Gharahdaghi F, Kirchner M, Fernandez J, Mische S M
Rockefeller University Protein/DNA Technology Center, New York, New York 10021, USA.
Anal Biochem. 1996 Jan 1;233(1):94-9. doi: 10.1006/abio.1996.0012.
Matrix-assisted laser desorption/ionization time-of-flight mass spectrometry (MALDI-TOF MS), in conjunction with enzymatic digestion of proteins and molecular weight search of peptide-mass database is a powerful technique for peptide/protein identification. Ideally, peptide mixtures should be compatible with both MALDI-TOF and microsequencing. In our laboratory, enzymatic digestion and extraction of peptides from polyvinylidene difluoride (PVDF)-bound proteins is performed in the presence of nonionic detergents. However, nonionic detergents have been shown to cause signal suppression in MALDI-TOF analysis. This study demonstrates that by using a modified matrix solution, peptide-mass fingerprinting of PVDF-bound proteins by MALDI-TOF can be obtained in the presence of nonionic detergents such as hydrogenated Triton X-100 (RTX-100), octylglucopyranoside, and Tween 20.

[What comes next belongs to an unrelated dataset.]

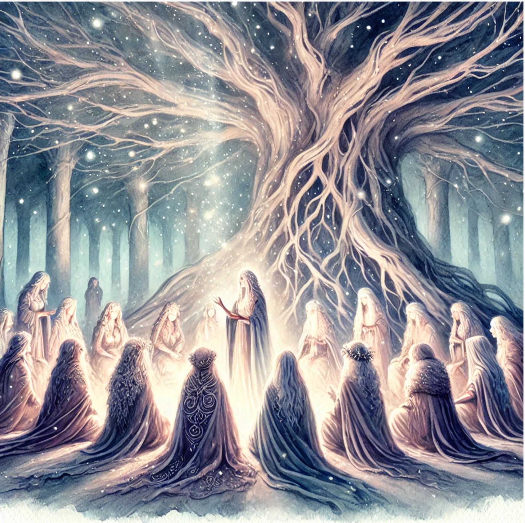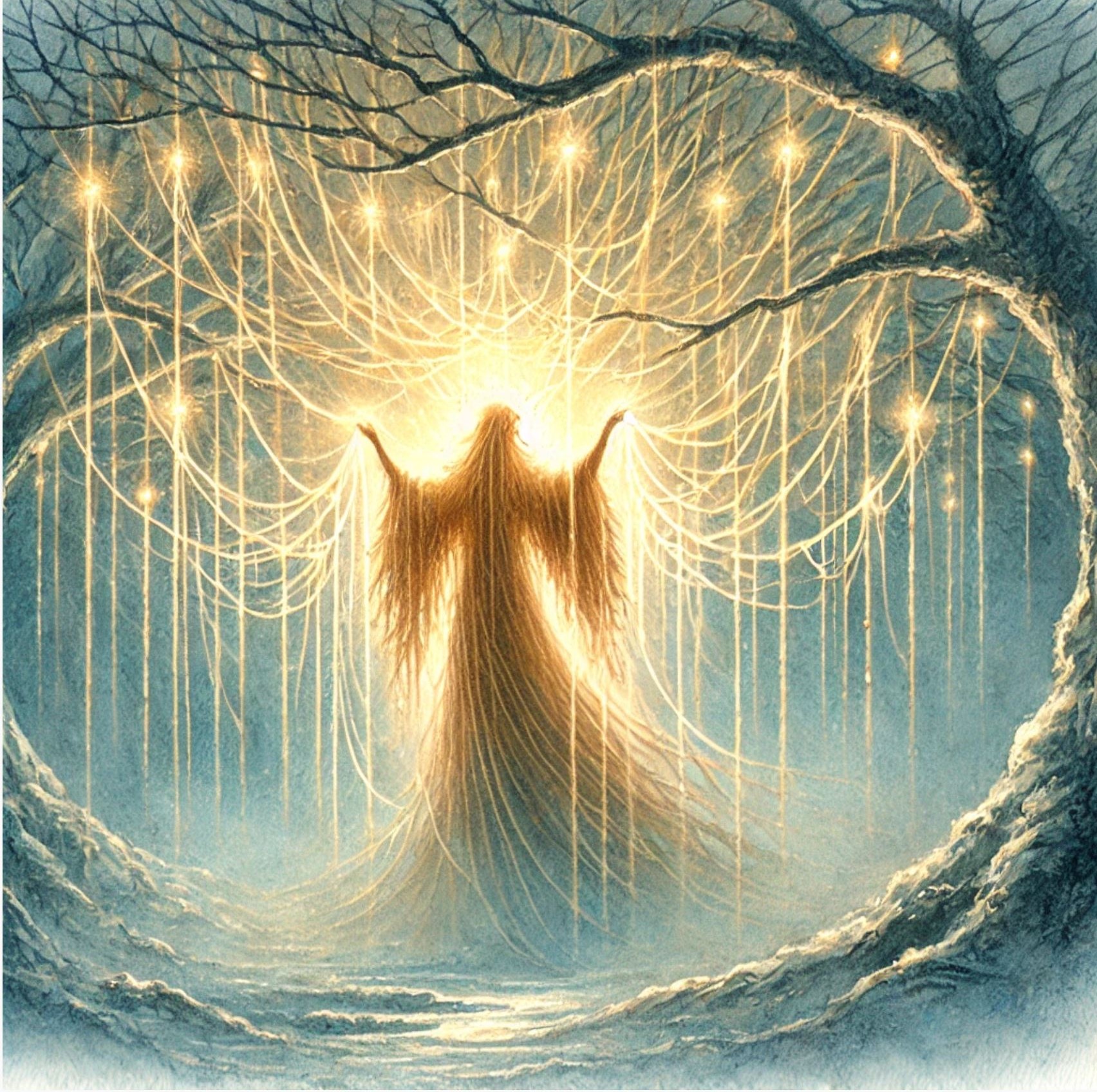 Figure issue du folklore nordique, Berchta se relie à de nombreuses représentations féminines de l’hiver. Ma Berchta, à moi, s’est façonnée au fil du temps : un mélange de mes contes, de mythes anciens, d’ombres protectrices et de forces vengeresses, une psychopompe ambivalente qui accompagne autant qu’elle défie.

基质辅助激光解吸/电离飞行时间质谱(MALDI-TOF MS),结合蛋白质的酶解消化和肽质量数据库的分子量搜索,是一种用于肽/蛋白质鉴定的强大技术。理想情况下,肽混合物应与MALDI-TOF和微量测序都兼容。在我们实验室中,从聚偏二氟乙烯(PVDF)结合的蛋白质中酶解消化和提取肽是在非离子去污剂存在的情况下进行的。然而,已表明非离子去污剂会在MALDI-TOF分析中导致信号抑制。本研究表明,通过使用改良的基质溶液,在氢化Triton X-100(RTX-100)、辛基吡喃葡萄糖苷和吐温20等非离子去污剂存在的情况下,可通过MALDI-TOF获得PVDF结合蛋白质的肽质量指纹图谱。